Unfortunately, not everything can be as stirring as "It's in every one of us to be wise, find your heart, open up both your eyes." On his 1973 album Farewell Andromeda, Denver dropped the holiday classic (?) "Please, Daddy (Don't Get Drunk This Christmas)," which he apparently liked a lot because he also put it on two other albums. It is, indeed, what it sounds like: the futile pleas of an 8-year-old begging his father not to, as he has in past years, come home in the middle of the night stumbling drunk, falling down under the tree, and subsequently abusing in one way or another the child's sobbing mother. Considering that Denver had a problem with alcohol, got multiple DUIs, and attempted to choke his first wife and cut up her furniture with a chainsaw, this song might have had a personal significance for Denver. Still: messed up, dude.

Frolic and play the intramarital way

Just to flip the script a little bit, here's a song that's maybe not quite as messed up as it may sound on first listen. "Winter Wonderland" was written by composer Felix Bernard and lyricist Richard B. Smith while Smith was being treated for tuberculosis in a Pennsylvania sanitarium, having been inspired by seeing snow covering the ground in the park in his hometown of Honesdale, Pennsylvania. First recorded in 1934, the song has subsequently been recorded over 200 times, many of which rearrange the original lyrics, adding verses, deleting others, moving things around.
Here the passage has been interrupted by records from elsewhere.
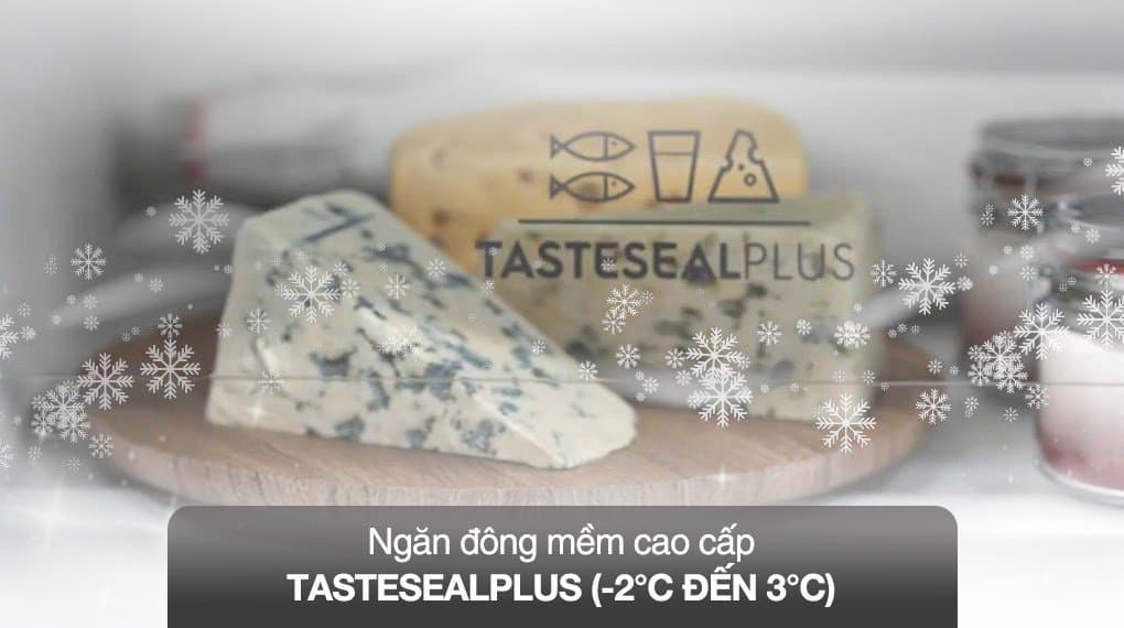 Ngăn đông mềm TasteSeal Plus có thể điều chỉnh nhiệt độ từ -2 đến 3 độ C theo từng loại thực phẩm đáp ứng nhu cầu bảo quản thịt cá tươi sống, phô mai sữa chua hoặc các loại đồ uống.
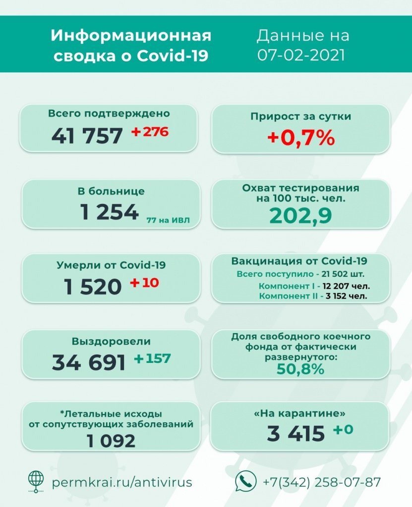 В Пермском крае на 10 часов утра 7 февраля за последние сутки:
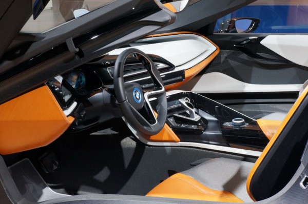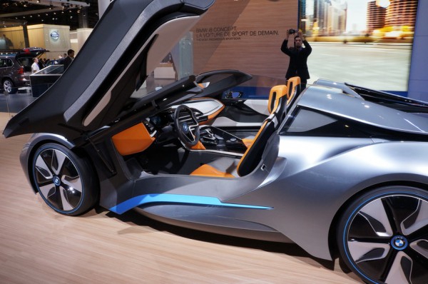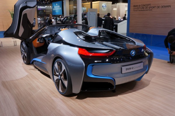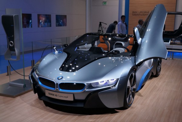 Гибридный суперкар BMW i8. Суммарная мощность силовой установки - больше 350 лошадиных сил. Это 1,5-литровый бензиновый турбодвигатель и электродвигатель в 130 лошадей. На рынок его планируется вывести в 2014 году, стартовая стоимость - 100 тысяч евро.
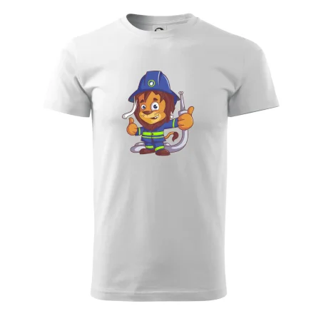 Detské tričko pre hasičov. Pokiaľ si malý hasič, zaobstaraj si u nás hasičské tričko, na ktorom je lev hasič. Darček pre hasičov, ktorí majú radi zvieratá. Hasičský levíček uhasí každý požiar, zvládneš to aj ty?
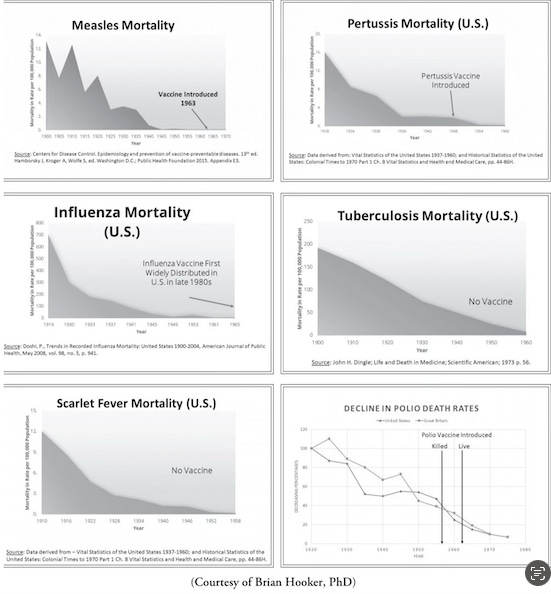 That book exposes decades of censoring of both the acute and chronic illnesses caused by the ever-expanding CDC schedule with its pragmatic but unscientific clumping of numerous vaccine administrations on a single day, an intervention that has never been tested for safety. That book also exposes the biggest myth about vaccines which is that deaths from the illnesses they protect against had been nearly eradicated through improvements in sanitation and hygiene (and antibiotics) before the vaccine for that particular disease was even developed! Note the corresponding decrease in TB and Scarlet fever mortality, two diseases for which there is no vaccine to date:
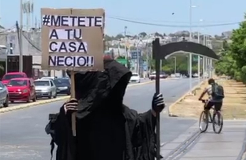 Enrique Urrutia, un campechano que mostró tener creatividad, salió por diversas calles y avenidas de la capital caracterizado de la muerte, portando un letrero que decía #Métete a tu casa, necio; causó revuelo y fue tendencia en las redes sociales en la entidad debido a que de manera cruda lanzó un mensaje claro para que los ciudadanos comiencen a tomar conciencia, pues dice que todos están bajando los brazos.
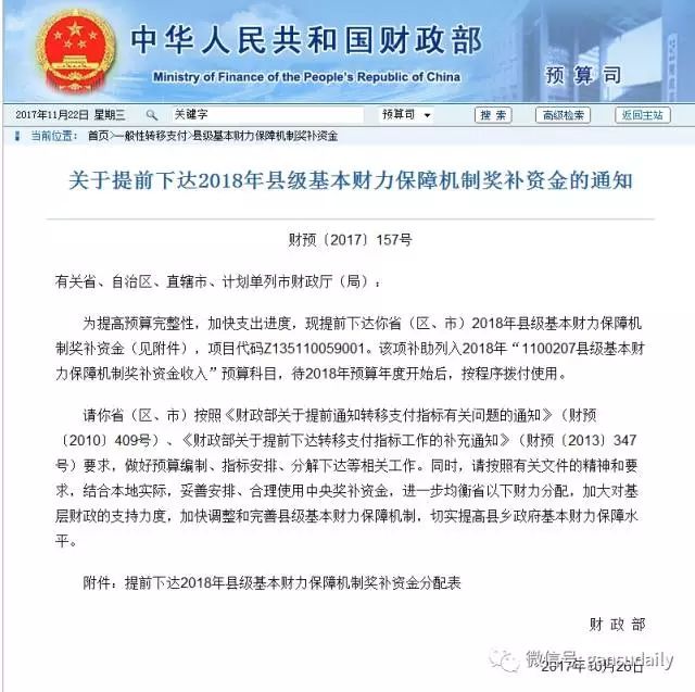 11月20日,财政部发布《关于提前下达2018年县级基本财力保障机制奖补资金的通知》拿出1567.23亿奖补资金
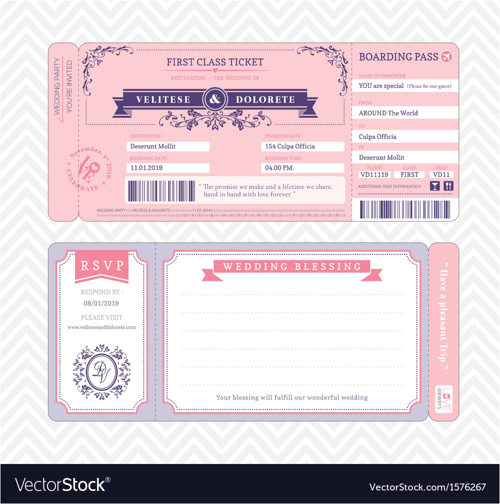 boarding pass wedding invitation template vector image from Boarding Pass Wedding Invitation Template

One thing basically every version has in common is the verse in which the narrators build a snowman and pretend it is Parson Brown. The imaginary preacher asks if they are married, and they say, "No, man, but you can do the job when you're in town!" It turns out it is a surprisingly common interpretation of this song that the narrator wants to bone down with a snowman. You know, like "do the job"? Wink wink, lascivious eyebrow waggle. But, like, nah, man. The narrator is part of a couple ("we can build a snowman") and the preacher is asking if the two of them are married and they tell him not yet, but he can perform the ceremony ("do the job") while he's in town. These are the plans they have made (to get married by a snow person) that they will subsequently face unafraid, conspiring by the fire.